Screenwriters: Jeffrey Hatcher, Anders Thomas Jensen, Saul Dibb
Starring: Keira Knightley, Ralph Fiennes, Dominic Cooper, Hayley Atwell, Charlotte Rampling
Running Time: 110 mins
Familiarity, they say, can breed contempt. Nobody seems to have made that point to Keira Knightley, though, since The Duchess sees the angular actress squeezing back into a corset to portray another timid waif-turned-feisty independent woman. Stifle the groans for a moment, because this lavish costume drama has something to offer a jaded genre.
Partially filmed at Chatsworth House, the venue for one of Knightley's earlier period triumphs Pride & Prejudice, Saul Dibb's The Duchess draws contemporary resonance from historical fact by riffing on the Charles/Diana/Camilla "three people in this marriage" union. The marketing for this film has made those parallels crystal clear, resulting in a trailer that veered towards insulting the audience's intelligence.
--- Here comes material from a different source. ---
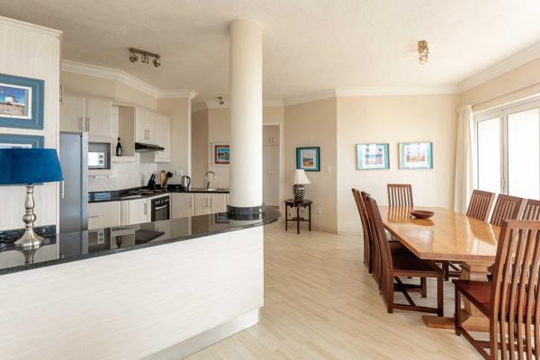 This apartment on the ground floor has spectacular sea views. The stack-away doors from the living area open out onto the balcony offering spectacular sea views. A modern open plan kitchen with fitted cupboards and granite tops. Adjacent to it is a scullery where your machines can be installed.
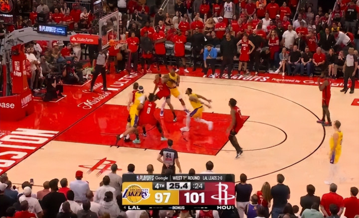 第四节临了25秒,火箭跳动6分,还持有球权——

After all, it shouldn't be difficult to connect those particular dots when the world still carries a morbid fascination with the late Princess of Wales. Thankfully, the final product isn't quite as forceful in reminding you of the eponymous Duchess's place in the Spencer family bloodline.
Eager to maintain her family's status in the upper echelons of English society, Lady Spencer (Rampling) comes to an agreement with William Cavendish, the Duke of Devonshire (Fiennes) to marry off her daughter Georgiana (Knightley). William is more attentive to his dogs than to his young bride, leaving Georgiana isolated and unloved. Her mother reminds her that once she has given her husband a male heir, their marriage will be solidified. Three daughters later (one of whom William fathered with a maid) and the relationship has disintegrated.
Seeking attention elsewhere, Georgiana fills her time attending political rallies, accumulating gambling debts and cultivating an image as the 18th century's pre-eminent celebrity. A friendship with the troubled and manipulative Bess (Atwell), whose three sons put her on the radar of the philandering William, and a romance with future Prime Minister Charles Grey (Cooper) provide the distant couple with further complications.
Fiennes's understated performance as the emotionally crippled Duke is the movie's highlight. It's a thankless role, one that could have turned into moustache-twirling villainy, yet Fiennes lends his character tragic humour, with the laughs in this ultra-serious film arriving almost exclusively from his toff shtick. His William is awful to his wife and commits the worst act imaginable on her at one point. In spite of that there's pathos in the character when, lost and lonely, he unsuccessfully reaches out to Georgiana. You sense he isn't someone of pure evil, just a product of an idiotic upbringing.
Knightley, Hollywood's cover girl du jour, is the ideal choice for Georgiana - she has become so identified as an actress out of her own time that you can't imagine anyone else filling The Duchess's corset. The discomfort she showed in the Pirates films appears to be behind her, replaced with confidence and self-assuredness. She is at her best firing insolent barbs at William across their vast dining table, pulling into focus the physical and emotional chasm between the pair.
Exploring themes of class, celebrity, infidelity, emotional disparity and, in one charged scene between Knightley and Atwell, lesbianism, The Duchess offers safe, middlebrow intellectualism. Sofia Coppola's recent Marie Antoinette is cut from similar cloth, yet chooses to filter aristocracy through a pop lens. That film was an adventurous failure - The Duchess is restrained, focused and very BBC in its execution, delivering an engaging and relevant relationship drama without compromising the history books.